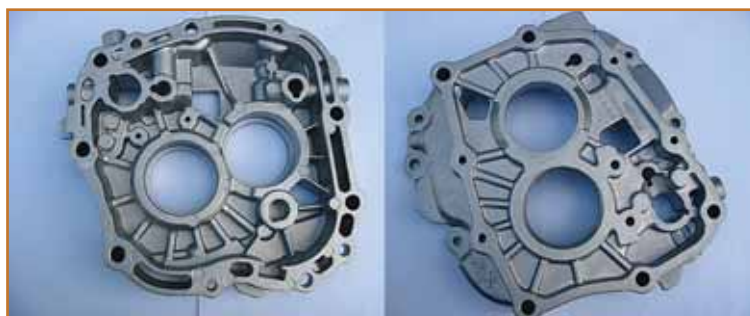
Al tlačni ulitek – ohišje menjalnika
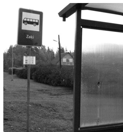
Tikko uzstādītās jaunās pieturvietas, bet jau „piecūkotas”

Tā, re, pie mums Zaķumuižā! Un kā pie Jums?!
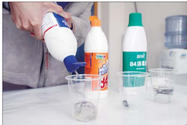
将84消毒液倒入装有头发的塑料杯中。

市自来水公司工作人员说,除了无来电显示的电话外还有以‘019’等数字开头的电话,那都是诈骗电话,如果按照语音提示操作,极有可能造成个人及银行账户信息泄露,产生不必要的损失。市自来水公司工作人员提醒各用水企事业单位及个人,加强防范意识,不要给陌生电话回电,更不要向陌生来电提供银行账户等个人信息,谨防上当受骗。市自来水公司语音催费电话为,8333322。如对水费相关问题有疑问,可拨打客服热线8318911咨询。
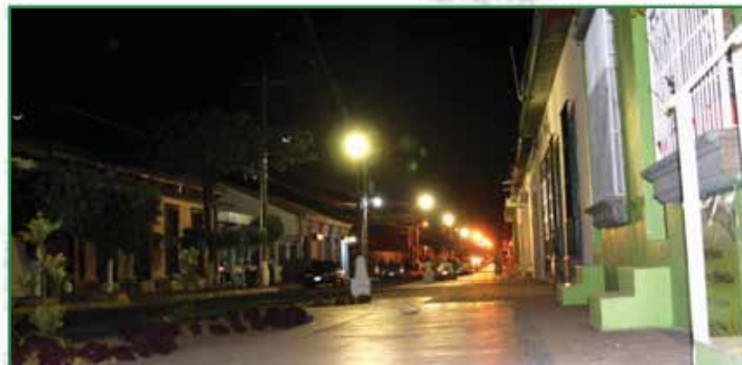
Paseo El Carmen

Como acciones principales hemos puesto en marcha el Plan de reordenamiento del Centro Histórico, así como la construcción de la manzana educativa y el Paseo El Carmen, con lo que estamos haciendo realidad nuestro desafío de recuperar el sistema de aceras y hacer del municipio un lugar para caminar y convivir.
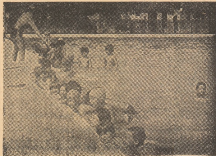
...în plină lecție. Se exersează bătaia apei cu picioarele!
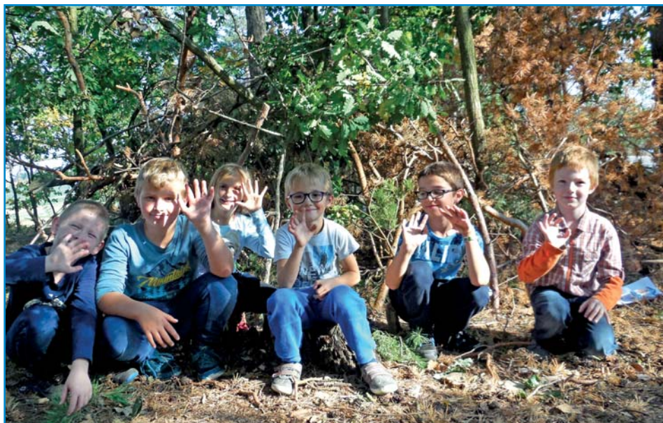
Stavba bunkru v lese
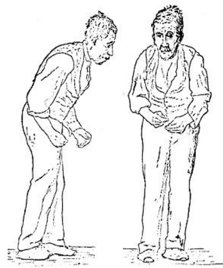
Náčrt postoj nemocného
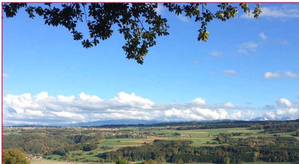
Nos trois villages vus des hauts de Surpierre

▶ _WHAT TO WORK ON_
The answer should consist only of the lines from the line with "Stavba bunkru v lese" through the last line of the data, repeated exactly; pictures stay out.

▶ _RESULT OF THE TASK_
Stavba bunkru v lese
Náčrt postoj nemocného
Nos trois villages vus des hauts de Surpierre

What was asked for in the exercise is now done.